During a recent Phase 2 audit webinar, officials from the Office for Civil Rights said audits could lead to legal action.
“OCR could decide to open a separate compliance review in a circumstance where significant threats to the privacy and security of [protected health information] are revealed through the audit,” officials say in a webinar slidedeck.
Here’s a look at some of the new details officials from the Office for Civil Rights revealed at the webinar, based on the slidedeck and a collection of written answers to webinar participants’ questions:
A desk audit is actually a telephone conversation with an auditor. (Photo: Allison Bell/LHP)
1. A desk audit has nothing to do with the condition of your desk.
When Office for Civil Rights officials conduct a desk audit, they ask the targeted entity to answer questions and send it many documents.

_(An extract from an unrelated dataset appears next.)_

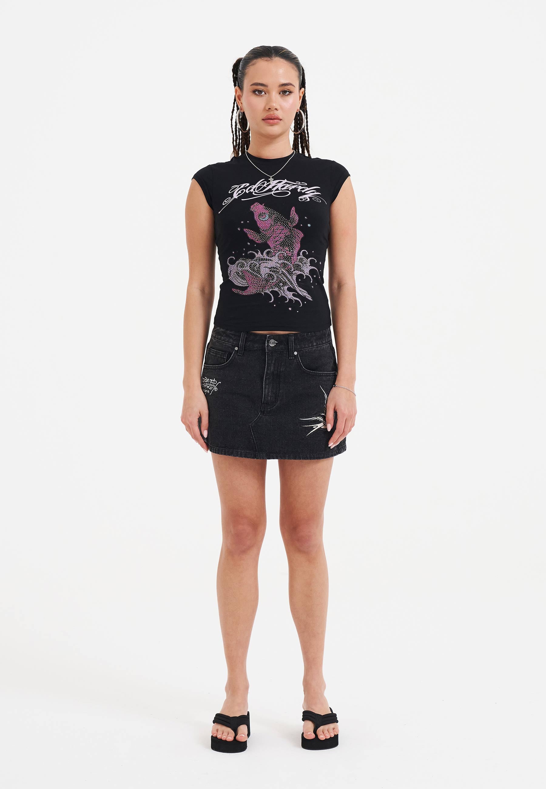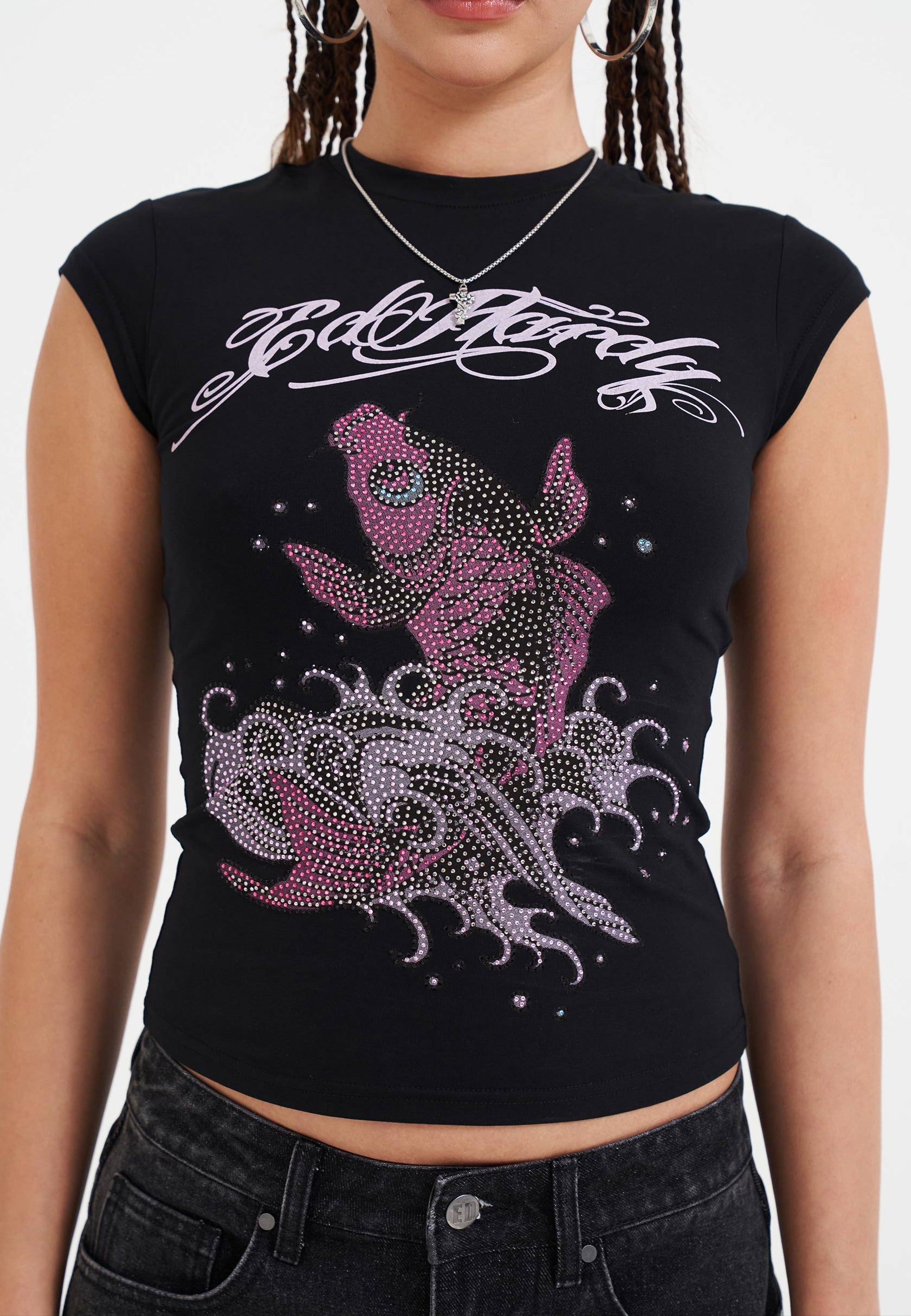Womens Koi Fish Diamante Cap Sleeve T-Shirt Top - Black

The officials conducting the Phase 2 audits sent requests for documents to 167 covered entities July 11.
The auditors will look to see how each audited entity is complying with either the HIPAA security standards, or the HIPAA privacy and data breach requirements, but not both, according to the slidedeck.
If officials conduct a desk audit of a group health plan’s compliance with the privacy rules, for example, the auditors will look to see whether the entity has a privacy practices notice that includes all of the required elements. Auditors will also to see whether the entity posts the notice on its website in the right way.
In many cases, auditors will ask entities for screen shots of their computer screens. Officials took up several webinar slides showing the webinar attendees what the screen shots should look like.